She was trying to fight down forever the foolish obsession that had been growing upon her slowly and insidiously for years. Since the first awakening of developing womanhood within her she had been subject to the strange dream that was now becoming an almost nightly occurrence. At first she had thought nothing of it, other than it was odd that she should continue to dream the same thing so many times; but of late these nightly visions had seemed to hold more of reality than formerly, and to presage some eventful happening in her career—some crisis that was to alter the course of her life. Even by day she could not rid herself of the vision of the black haired young giant, and tonight the culmination had come when she had heard his voice calling her from the rose thicket. She knew that he was but a creature of her dreams, and it was this knowledge which frightened her so—for it meant but one thing; her mind was tottering beneath the burden of the nervous strain these hallucinations had imposed upon it.
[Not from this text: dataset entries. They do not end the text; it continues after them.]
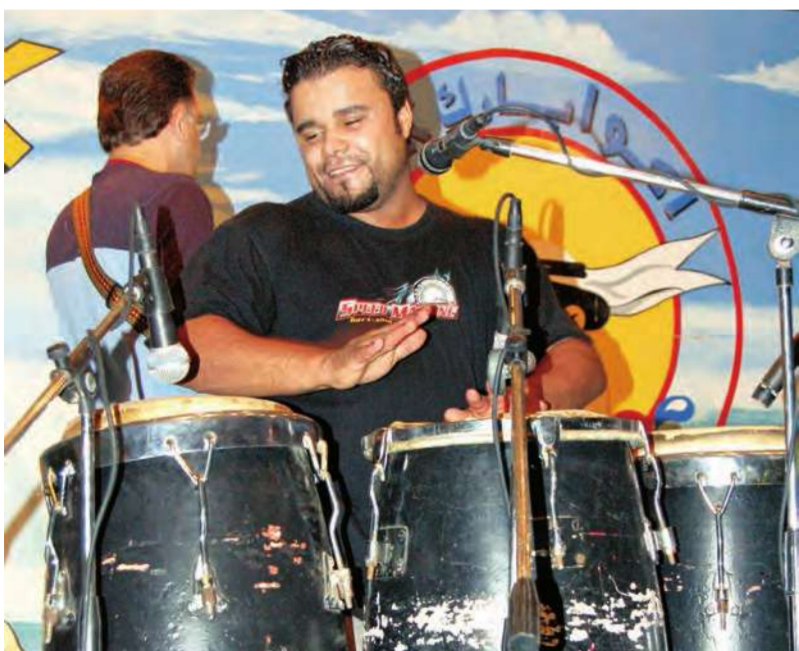
احد اعضاء فرقة النجوم وعزف على الطبول
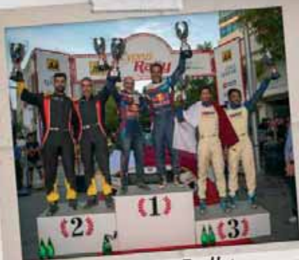
Cyprus Rally 2024

35 ΚΑΙ ΠΛΕΟΝ ΧΡΟΝΙΑ ΠΑΡΩΝ ΣΕ ΟΛΕΣ ΤΙΣ ΜΕΓΑΛΕΣ ΑΘΛΗΤΙΚΕΣ ΣΤΙΓΜΕΣ ΤΟΥ ΤΟΠΟΥ ΜΑΣ
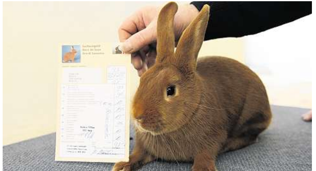
Stolzer Sieger: Dieses Sachsengold-Kaninchen erzielt mit seinen 97 Punkten den Rassesieg.

Insgesamt kämpften 316 Aussteller aus der ganzen Südostschweiz um diverse Preise und den Rassesieg ihrer Tiere. Die höchste erreichte Punktzahl bei den Kaninchen war 97,5 von möglichen 100 Punkten. Bewertet wurden etwa Haltung, Körperbau sowie Fellfarbe und Fellzeichnung der Kaninchen. Oberste Priorität jeder Bewertung hat jedoch immer die Gesundheit des Tieres. (so)
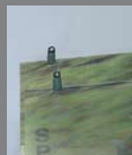
Wklejone w materiał metalowe druty z kompletem klipsów

She must gather all the resources of her nervous energy and throw off this terrible obsession forever. She must! She must! Rising, the girl paced back and forth the length of her room. She felt stifled and confined within its narrow limits. Outside, beneath the open sky, with no boundaries save the distant horizon was the place best fitted for such a battle as was raging within her. Snatching up a silken scarf she threw it about her shoulders—a concession to habit, for the night was hot—and stepping through her window to the porch that encircled the bungalow she passed on into the garden.
Just around the nearest angle of the house her brother and Billy Curtiss sat smoking before the window of their bedroom, clad in pajamas and slippers. Curtiss was cleaning the rifle he had used that day—the same that he had carried into the rose garden earlier in the evening. Neither heard the girl’s light footsteps upon the sward, and the corner of the building hid her from their view.
In the open moonlight beside the rose thicket Victoria Custer paced back and forth. A dozen times she reached a determination to seek the first opportunity upon the morrow to give Billy Curtiss an affirmative answer to the question he had asked her the night before—the night of the earthquake; but each time that she thought she had disposed of the matter definitely she found herself involuntarily comparing him with the heroic figure of her dream-man, and again she must need rewage her battle.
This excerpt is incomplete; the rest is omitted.